Muon Parçacığı Standart Modeli Nasıl İcat Etti?
|Bilim insanlarının bulduğu her yeni parçacık fiziği değiştirir ve bu iki türlü olur: Ya parçacık fiziğinin temeli olan standart modelde öngörülen ama yıllardır bulunamayan bir parçacığı nihayet gözlemlersiniz, ya da beklenmedik yepyeni bir parçacık bulursunuz. İşte bu fiziği kökten değiştirir. 1936’da kazara bulunan muon parçacığı öyle yaptı. Muonun nasıl oluştuğunu açıklamak için Standart Modeli geliştirdik. Peki muon parçacığı nedir ve nasıl çalışır?
Parçacık fiziği nedir?
Nasıl ki bir roman yazarsanız yarattığınız karakterler onlar hakkında ne yazacağınız konusunda size yol gösterir, parçacık fiziğinde de atomların beklenmedik davranışları bunları açıklayan yeni parçacıklar keşfetmek için esin kaynağı olur. Peki 1930’larda atomlar ve parçacıklar hakkında ne biliyorduk? Pek az şey! Atom çekirdekleri nötronlar ve protonlardan oluşuyor, elektronlar çekirdeğin çevresinde dönüyordu. Işık parçacığı fotonlar elektromanyetik kuvvetin taşıyıcısıydı.

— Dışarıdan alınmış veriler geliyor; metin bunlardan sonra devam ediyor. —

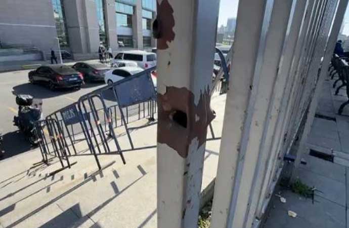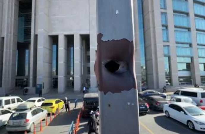 Öte yandan adliyenin C Kapı girişindeki demir kapının iki tarafında da kurşun izlerinin olduğu görüldü.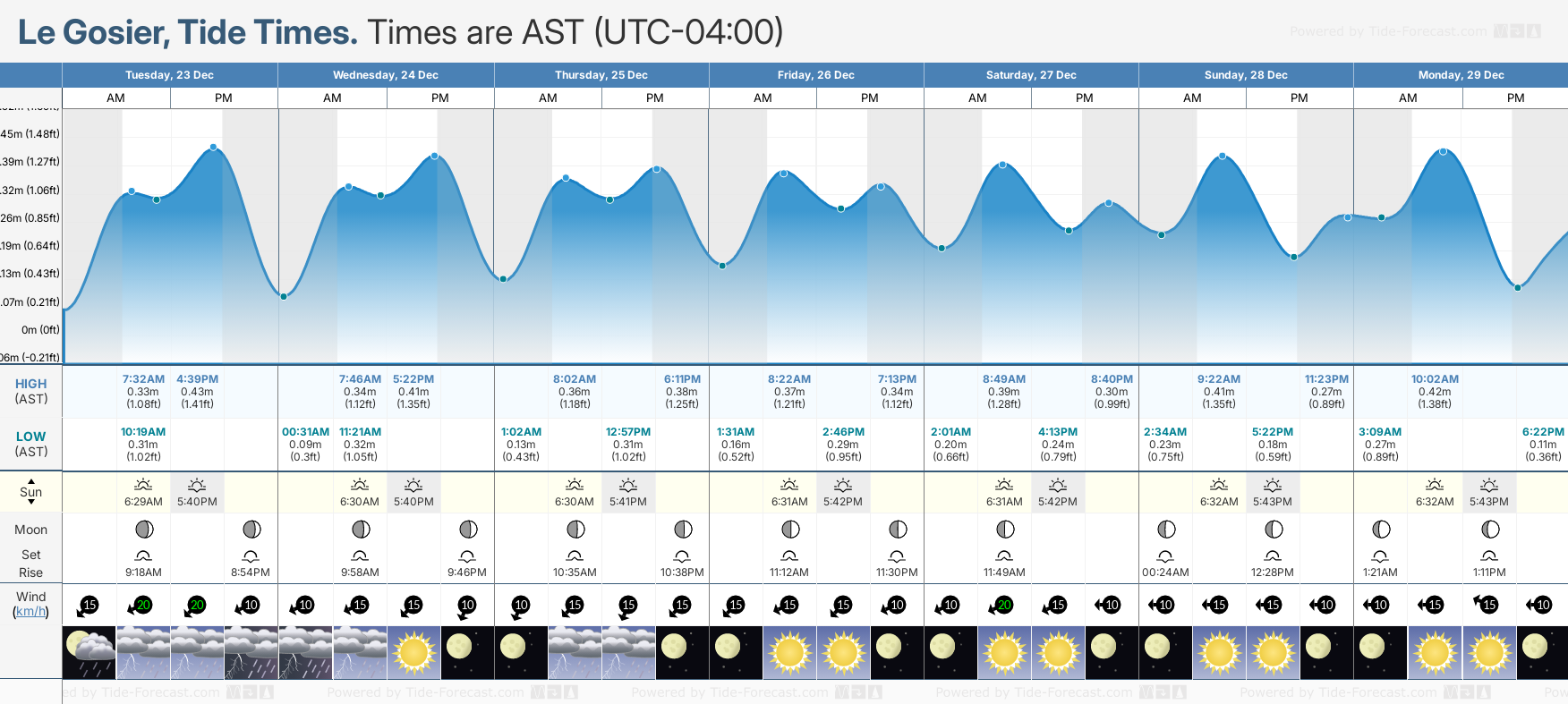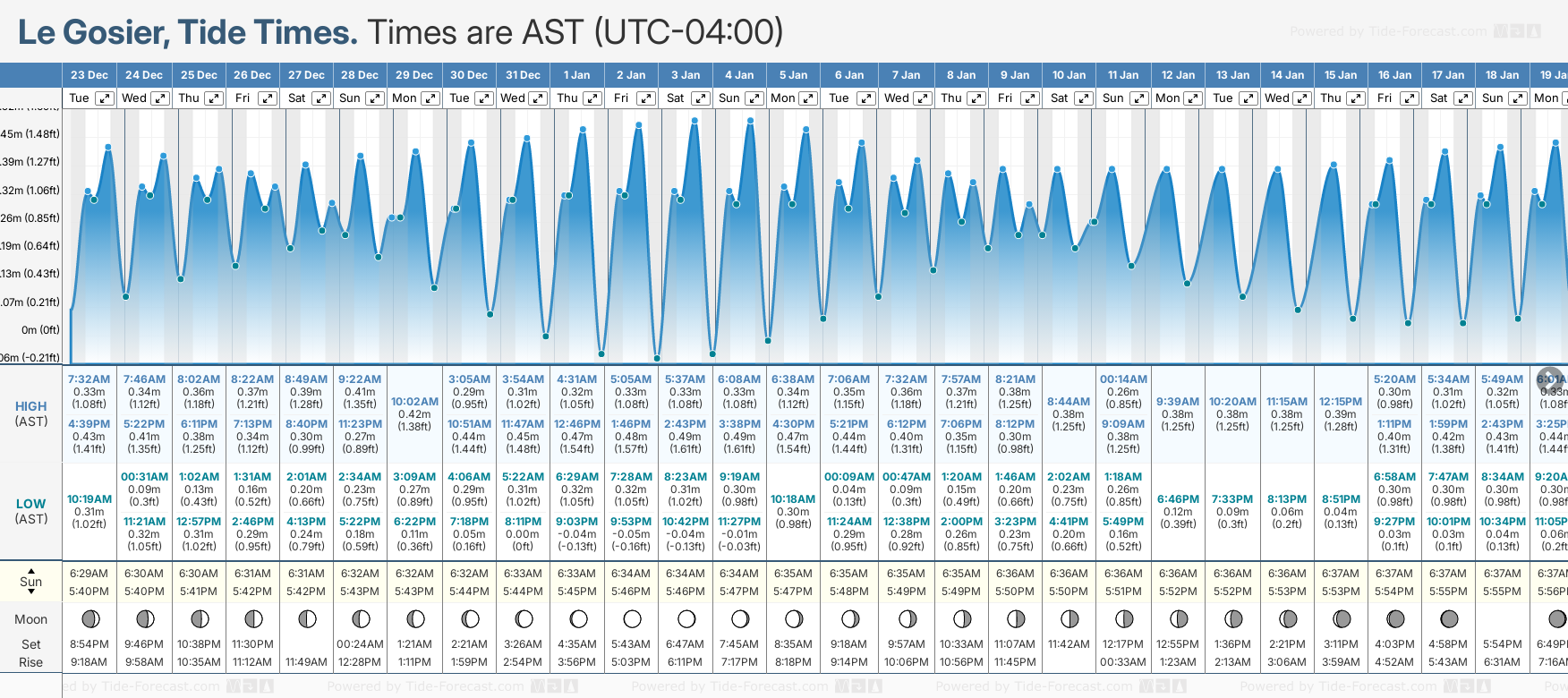 December and January Tide charts for Le Gosier: The tide charts below show the height, time and date of high and low tides for the next 30 days.

Radyo sinyalleri ve elektromanyetik alanlar fotonlar tarafından iletiliyordu. Elektronlar elektrik alanını ve manyetik alanı oluşturuyor, atomlarsa yapıtaşımız olan elementleri meydana getiriyordu. 1930’larda fizik hareketli ama basitti. Sonra muon geldi ve her şey değişti:
İlgili yazı: Gerçek Adem: ilk insan ne zaman yaşadı?
Nötron nasıl keşfedildi?
Perşembenin gelişi çarşambandan belliydi; çünkü fizikte fırtına öncesi sessizlik vardı. Argon ve potasyum gibi bazı elementlerde birtakım anormallikler görüyorduk. Argonun negatif elektronlar ve pozitif protonlarla birlikte 18 birim yükü vardı ama argon atomunun kütlesi 40 birimdi. Potasyum da 19 birim yük içeriyordu ama kütlesi 39 birimdi. Atom çekirdeklerinin elektrik yükü olmayan nötronlar içerdiğini keşfederek bu sorunu çözdük. Nötronlar izotopları da açıklamamızı sağladı:
Örneğin ağır su fazladan nötron içeren hidrojen izotopu döteryum içeriyordu (H2O yerine D2O). Tabii bir de Marie Curie’nin 20. yy başında keşfettiği radyumla hayatımıza giren radyasyon var: Radyoaktif elementler veya kararsız parçacıklar başka parçacıklara dönüşerek ya da başka parçacıklar yayınlayarak radyasyon yayar. Bu radyasyon türlerinden biri de beta bozunumudur. Atom yörüngelerindeki elektronlarla ilgili ünlü dışarlama ilkesini geliştiren Wolfgang Pauli bununla çok ilgilendi. Pauli beta bozunumunda enerjiyi ve dolayısıyla kütleyle momentumu korumak gerektiğini biliyordu.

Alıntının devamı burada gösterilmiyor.